X_norm = normalize(X_train)
# Reduce it to two components.
X_svd = svd.fit_transform(X_norm)
# Calculate predicted values.
y_pred = KMeans(n_clusters=3, random_state=42).fit_predict(X_svd)
# Plot the solution.
plt.scatter(X_svd[:, 0], X_svd[:, 1], c=y_pred, cmap='viridis')
plt.show()
# In[43]:
# Check the solution against the data.
print('Comparing k-means clusters against the data:')
print(pd.crosstab(y_pred, y_train_tfidf))
# In[44]:
# View clustering score
print('Adjusted Rand Score: {:0.7}'.format(adjusted_rand_score(y_train_tfidf, y_pred)))
print('Silhouette Score: {:0.7}'.format(silhouette_score(X_train, y_pred, sample_size=60000, metric='euclidean')))
# # Testing Set
#
# Finally, we get to open the testing set. What if we decide to look at more recent tweets from the same airline, or how about we also decide to look at other airlines that weren't even in our dataset?
#
# Enough with the hypotheticals. The next dataset is a collection of recent tweets containing the testing data that we want and while we won't be able to assess its accuracy since we don't have the correct values, we should be able to get a good idea of measuring sentiment analysis for more recent tweets targetting the airlines in our dataset, as well as other airlines that actually aren't in our model.
#
# What this will demonstrate is how useful our models are for predicting sentiment analysis for tweets that our model has not seen yet.
# In[45]:
# Import the training dataset
tweets_test = pd.read_csv("airline_tweets/test_set.csv", usecols=[1,2])
# Preview the data
tweets_test.head()
# In[46]:
# View size of the testing dataframe
tweets_test.shape
# In[47]:
# Print unique airlines in the test dataset
sorted(tweets_test['airline'].unique())
# Since the original dataset was obtained in February 2015, two of the airlines in the dataset no longer operate under the same name, 'US Airways' and 'Virgin' which have since merged with 'American' and 'Alaska' respectively. Due to this, we can only compare the remaining 4 airlines in the original dataset with 6 other major airlines currently in service in the United States.
# In[48]:
# Remove non-essential punctuation from the tweets
pd.options.display.max_colwidth = 200
tweets_test['text'] = tweets_test['text'].map(lambda x: text_cleaner(str(x)))
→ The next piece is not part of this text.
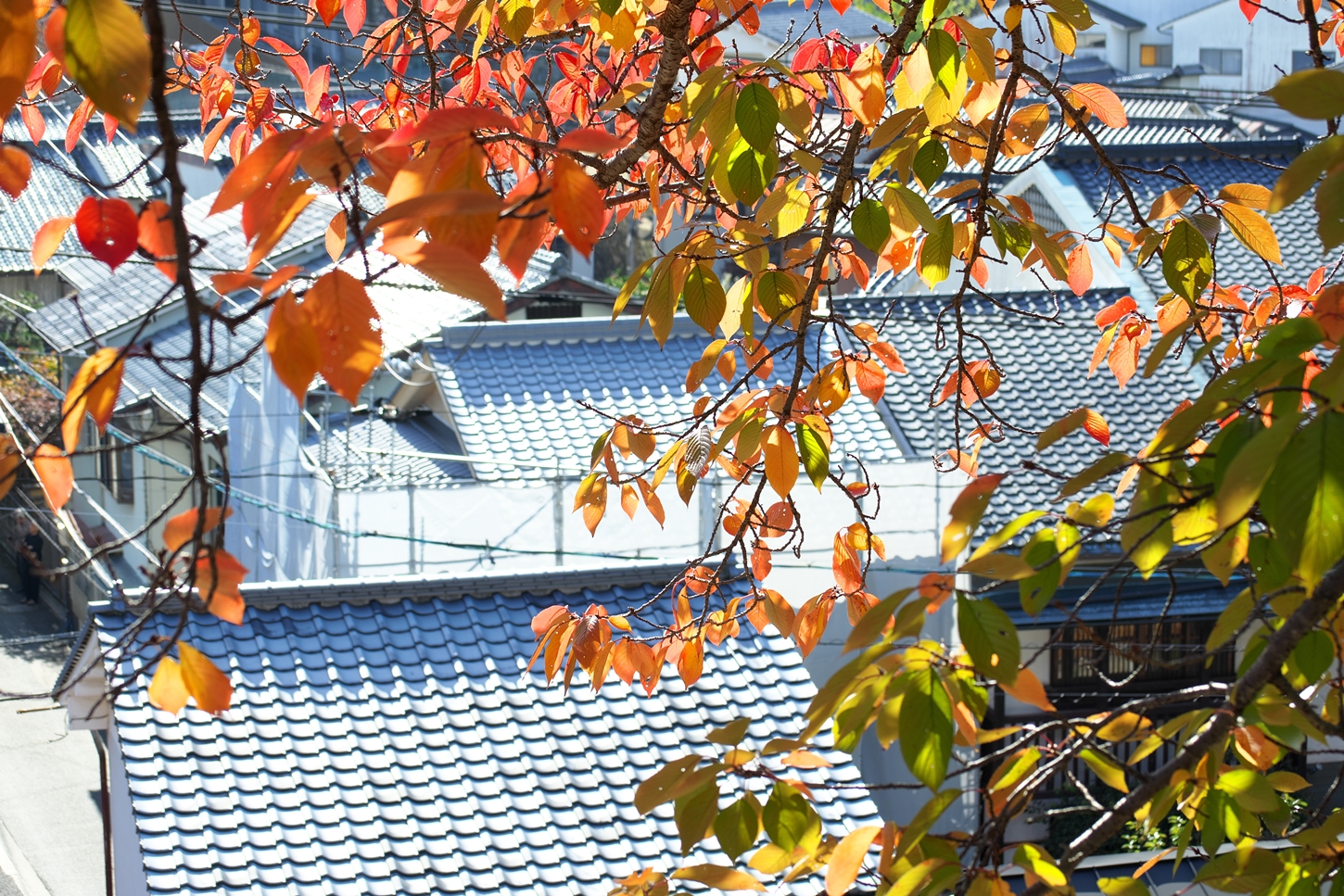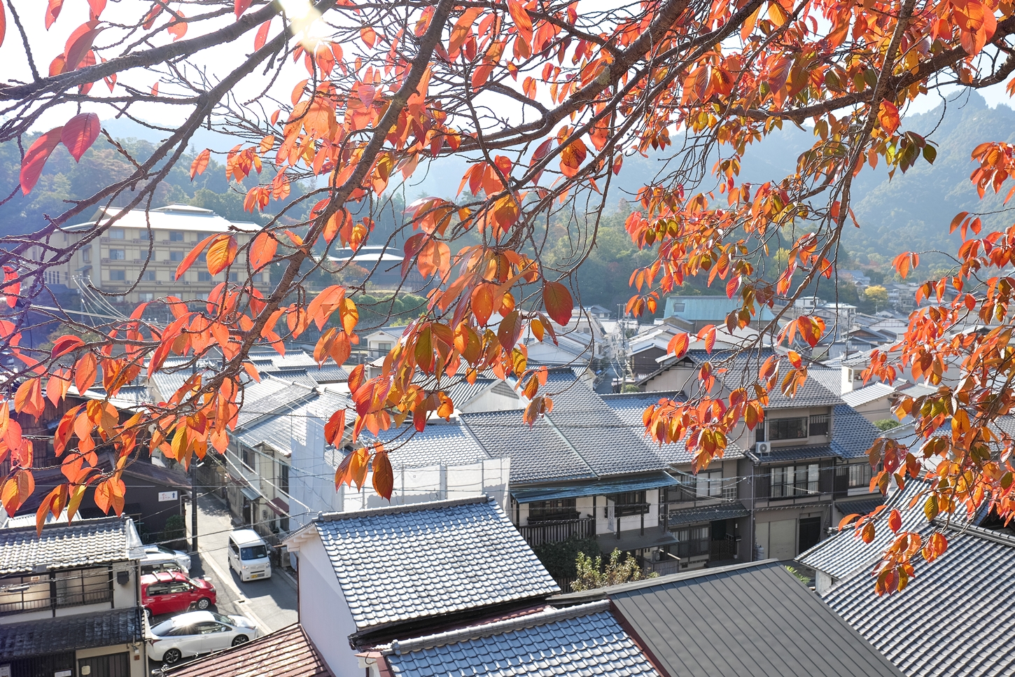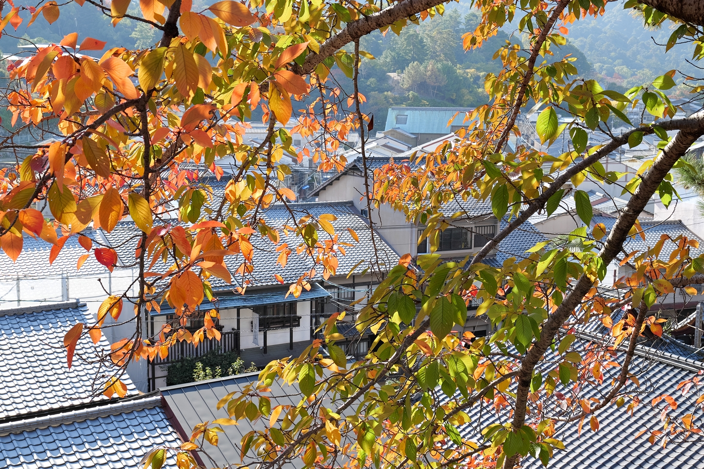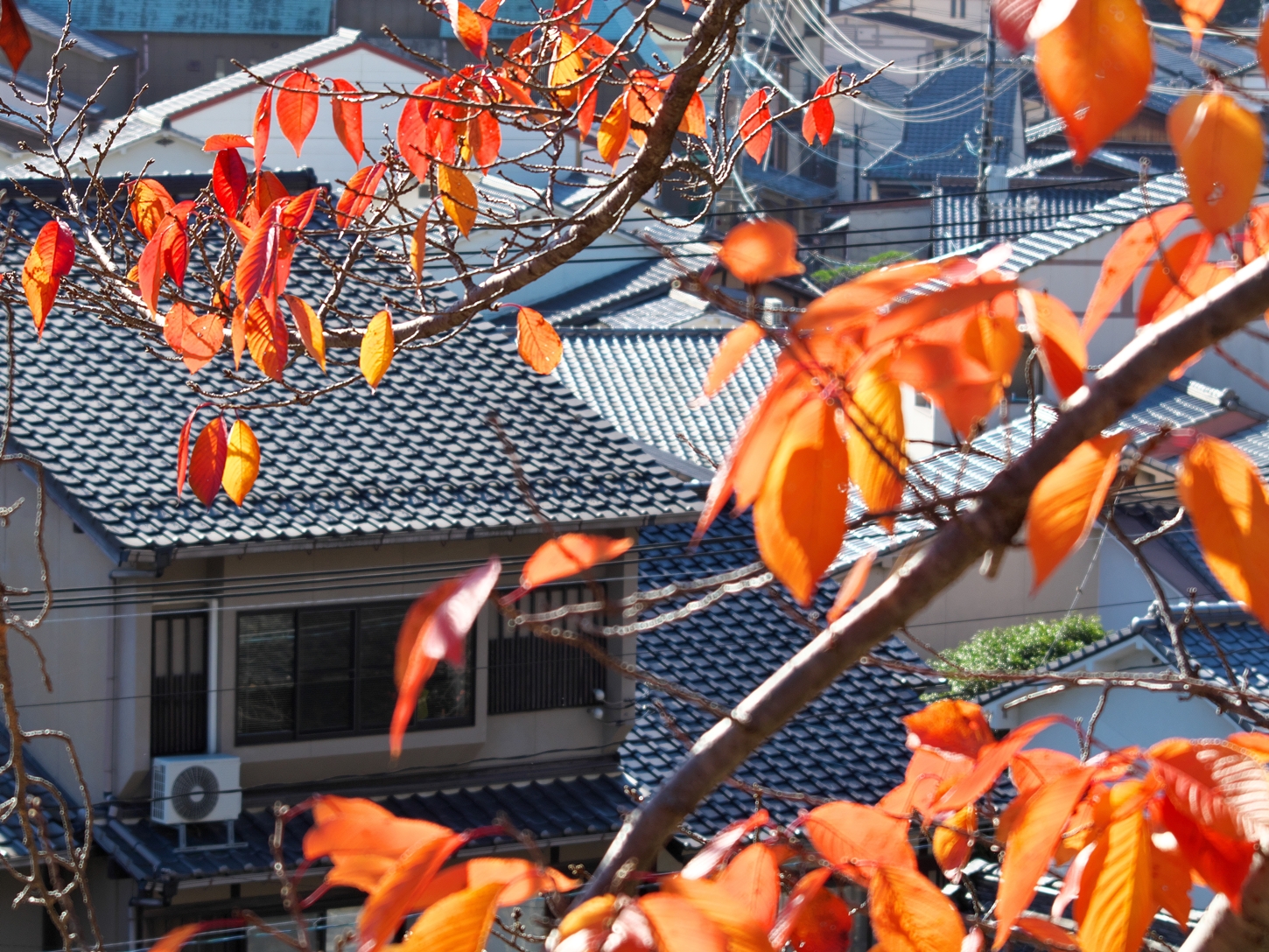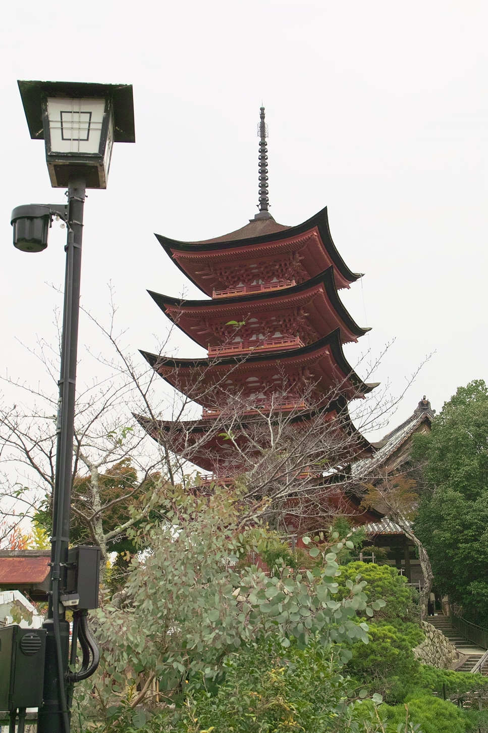 | これこそ今シーズン最後の紅葉でしょうかね・・・・ | 大好きな場所ですが、右手背後には多宝塔周囲に足場が組まれて大修理中です | 遠くに広島市西区井口台の団地の姿が | |||

# Reduce all text to their lemmas
for tweet in tweets_test['text']:
tweet = lemmatizer.lemmatize(tweet)
# Specify the new test input
X = tweets_test['text']
# Apply the vectorizer to the test data
X_tfidf_2 = vectorizer.fit_transform(X)
# Predict the results using our best model
tweets_test['airline_sentiment'] = rfc_2.predict(X_tfidf_2)
# In[49]:
# Modify values of sentiment to numerical values
sentiment = {-1:'negative', 0:'neutral', 1:'positive'}
tweets_test['airline_sentiment'] = tweets_test['airline_sentiment'].map(lambda x: sentiment[x])
# In[50]:
# View distribution of tweets by sentiment
# (Changing colors to red/gray/green would be nice)
trace = go.Pie(labels=tweets_test['airline_sentiment'].value_counts().index,
values=tweets_test['airline_sentiment'].value_counts())
# Create the layout
layout = go.Layout(
title = 'Tweet Sentiment (Nov 2018)',
height = 400,
width = 500,
autosize = False,
yaxis = dict(title='Number of tweets')
)
fig = go.Figure(data = [trace], layout = layout)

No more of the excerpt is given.